> _WORK ITEM_: Below are records with pictures in them. Transcribe everything from the line containing "Aluminum Chloride, Hexahydrate, USP, 95102, Spectrum" down to the line containing "Grand parc arboré, piscine", exactly, and leave the pictures behind.

> _EXCERPTED RECORDS_:
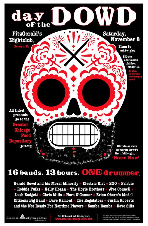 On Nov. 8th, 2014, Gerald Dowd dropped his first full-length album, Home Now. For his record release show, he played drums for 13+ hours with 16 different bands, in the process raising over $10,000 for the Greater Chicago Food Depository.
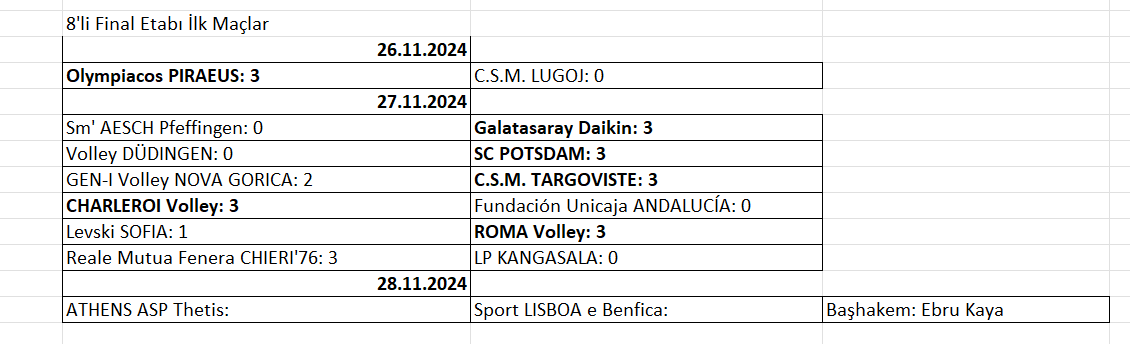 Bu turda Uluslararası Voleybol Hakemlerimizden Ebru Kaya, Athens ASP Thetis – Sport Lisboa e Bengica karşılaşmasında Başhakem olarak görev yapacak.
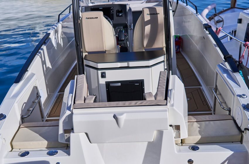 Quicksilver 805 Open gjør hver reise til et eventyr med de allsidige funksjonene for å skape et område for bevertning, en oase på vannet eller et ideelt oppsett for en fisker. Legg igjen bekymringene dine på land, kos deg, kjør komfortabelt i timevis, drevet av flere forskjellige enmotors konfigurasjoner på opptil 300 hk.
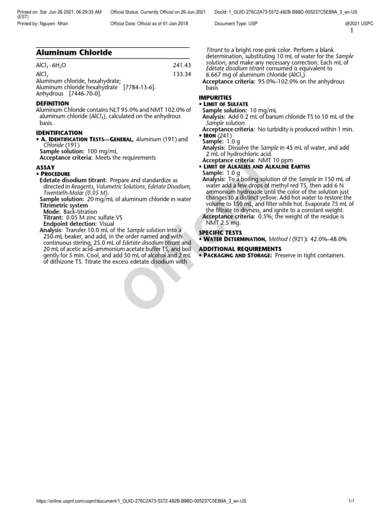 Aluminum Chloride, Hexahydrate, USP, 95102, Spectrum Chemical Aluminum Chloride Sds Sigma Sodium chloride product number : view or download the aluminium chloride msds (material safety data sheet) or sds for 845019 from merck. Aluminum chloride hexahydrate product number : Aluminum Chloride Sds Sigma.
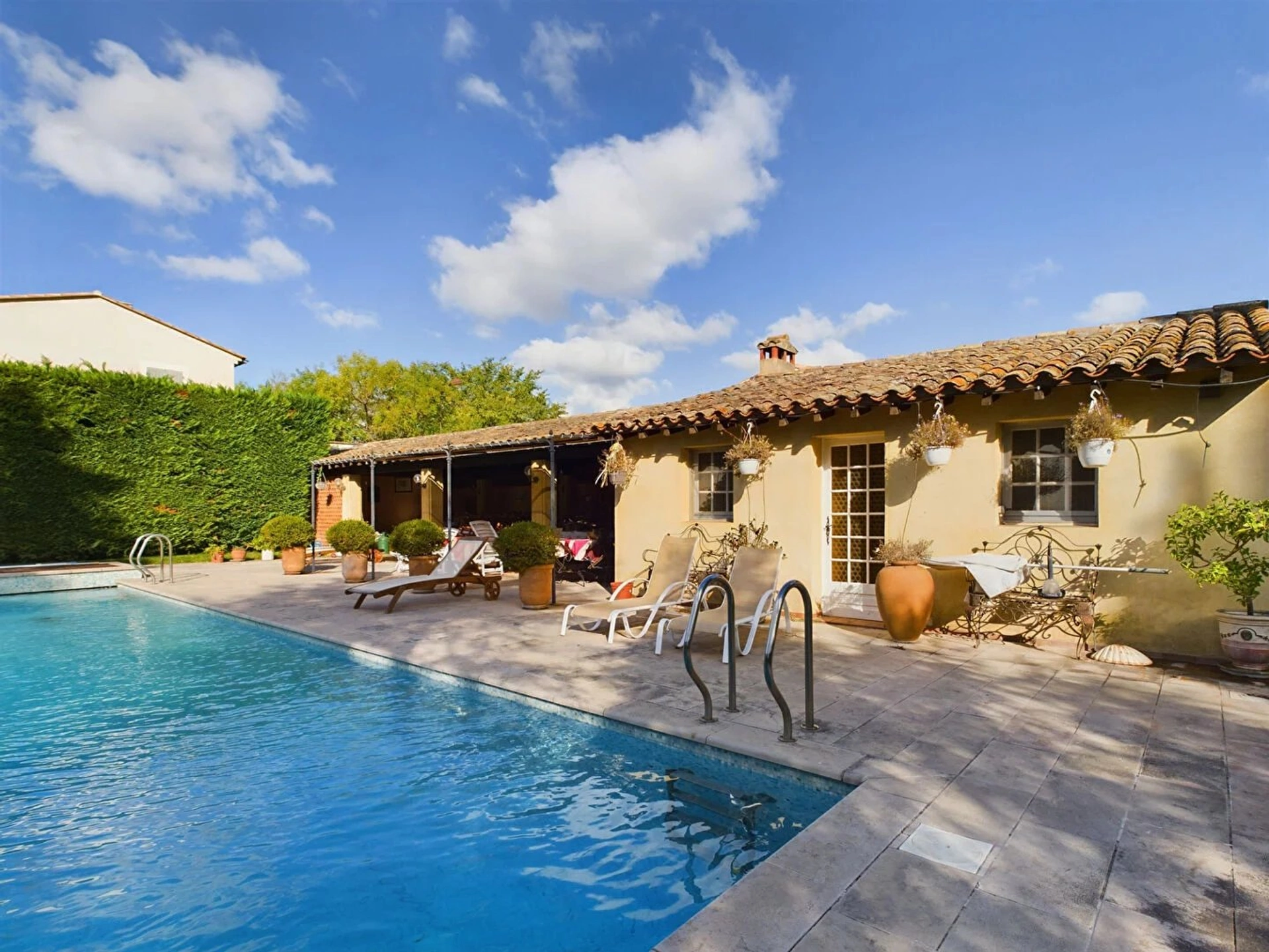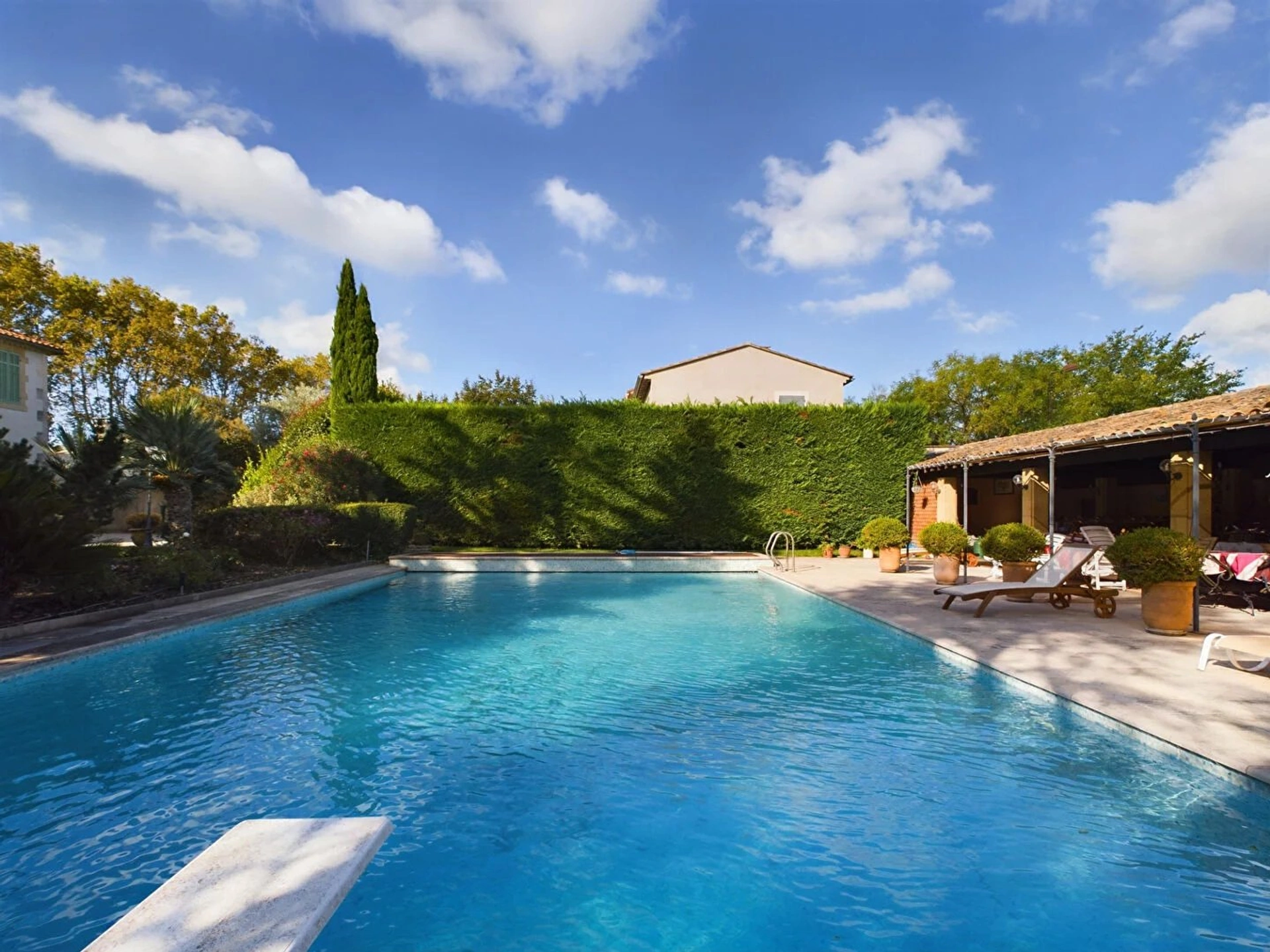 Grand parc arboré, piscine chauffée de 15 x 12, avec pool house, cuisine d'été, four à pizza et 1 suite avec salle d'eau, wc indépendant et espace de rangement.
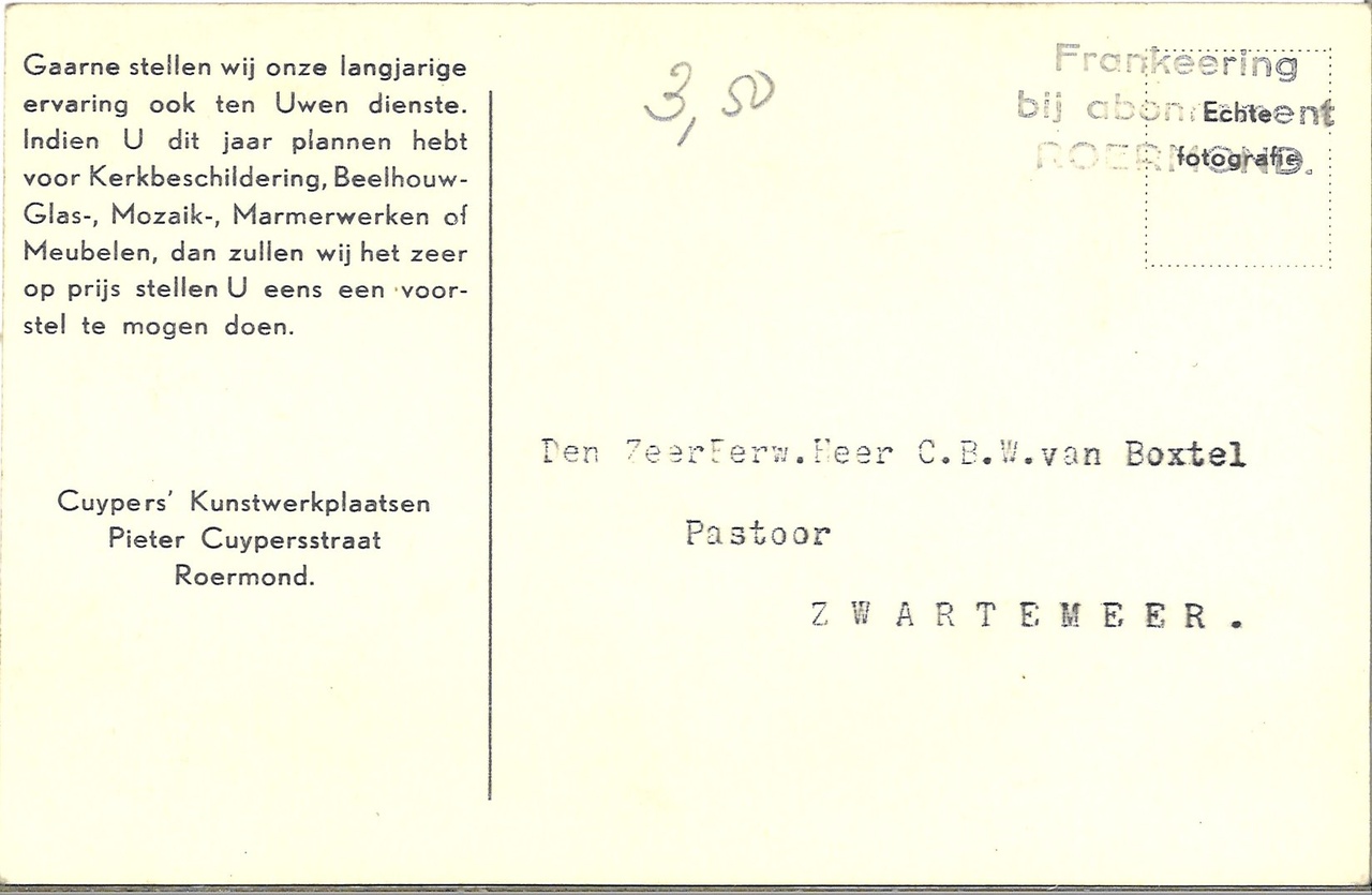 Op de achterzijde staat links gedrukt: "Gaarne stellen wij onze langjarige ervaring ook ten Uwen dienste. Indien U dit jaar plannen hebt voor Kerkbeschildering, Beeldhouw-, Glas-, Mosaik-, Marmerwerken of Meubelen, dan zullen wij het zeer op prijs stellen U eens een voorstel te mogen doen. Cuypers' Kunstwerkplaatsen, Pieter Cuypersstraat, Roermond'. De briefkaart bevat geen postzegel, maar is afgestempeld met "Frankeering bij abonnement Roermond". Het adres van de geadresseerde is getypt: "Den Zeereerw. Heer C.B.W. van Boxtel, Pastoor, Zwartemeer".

--

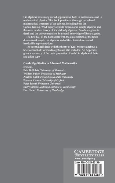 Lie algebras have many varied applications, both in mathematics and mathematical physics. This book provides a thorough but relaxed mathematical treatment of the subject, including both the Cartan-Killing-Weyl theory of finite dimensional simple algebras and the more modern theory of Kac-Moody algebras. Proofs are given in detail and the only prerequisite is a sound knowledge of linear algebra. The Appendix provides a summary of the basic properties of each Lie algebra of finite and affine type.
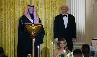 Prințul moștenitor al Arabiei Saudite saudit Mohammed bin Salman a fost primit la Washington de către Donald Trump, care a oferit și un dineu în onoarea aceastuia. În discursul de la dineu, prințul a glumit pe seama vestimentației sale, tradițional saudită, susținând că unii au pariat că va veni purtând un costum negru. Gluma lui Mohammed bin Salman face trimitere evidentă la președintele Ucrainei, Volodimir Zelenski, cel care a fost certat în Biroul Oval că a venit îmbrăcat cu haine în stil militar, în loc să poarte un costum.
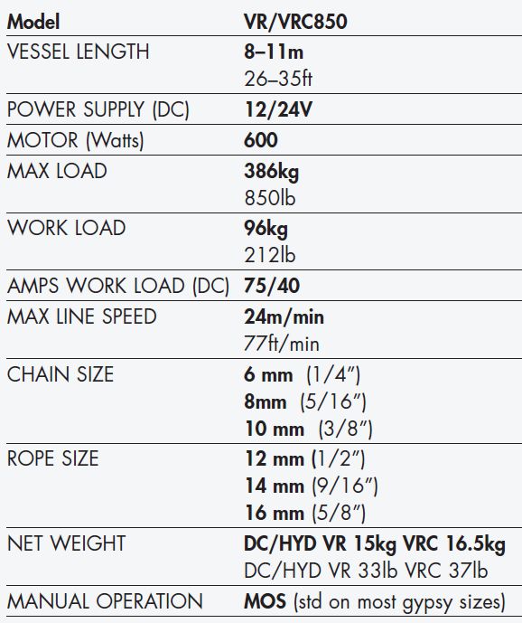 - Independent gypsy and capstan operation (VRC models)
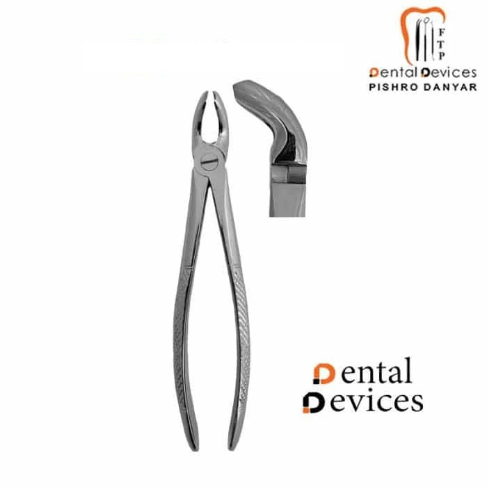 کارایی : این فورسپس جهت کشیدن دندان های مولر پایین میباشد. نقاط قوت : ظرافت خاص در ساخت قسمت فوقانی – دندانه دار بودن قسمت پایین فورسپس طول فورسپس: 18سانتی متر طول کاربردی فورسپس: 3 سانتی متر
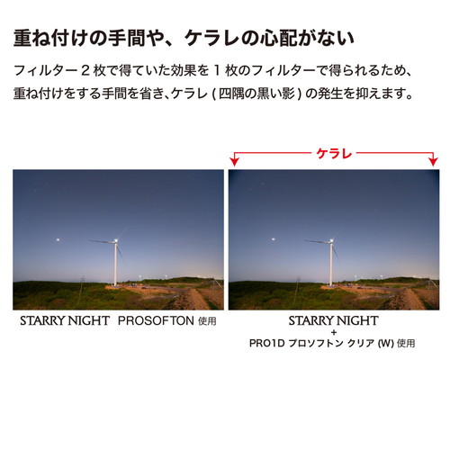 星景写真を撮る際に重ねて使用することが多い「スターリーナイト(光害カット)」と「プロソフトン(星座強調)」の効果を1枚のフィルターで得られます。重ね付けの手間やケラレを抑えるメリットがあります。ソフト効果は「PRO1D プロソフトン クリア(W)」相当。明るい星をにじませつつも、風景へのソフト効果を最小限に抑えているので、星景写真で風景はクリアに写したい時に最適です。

> _RESULT OF THIS TASK_:
 Aluminum Chloride, Hexahydrate, USP, 95102, Spectrum Chemical Aluminum Chloride Sds Sigma Sodium chloride product number : view or download the aluminium chloride msds (material safety data sheet) or sds for 845019 from merck. Aluminum chloride hexahydrate product number : Aluminum Chloride Sds Sigma.
 Grand parc arboré, piscine chauffée de 15 x 12, avec pool house, cuisine d'été, four à pizza et 1 suite avec salle d'eau, wc indépendant et espace de rangement.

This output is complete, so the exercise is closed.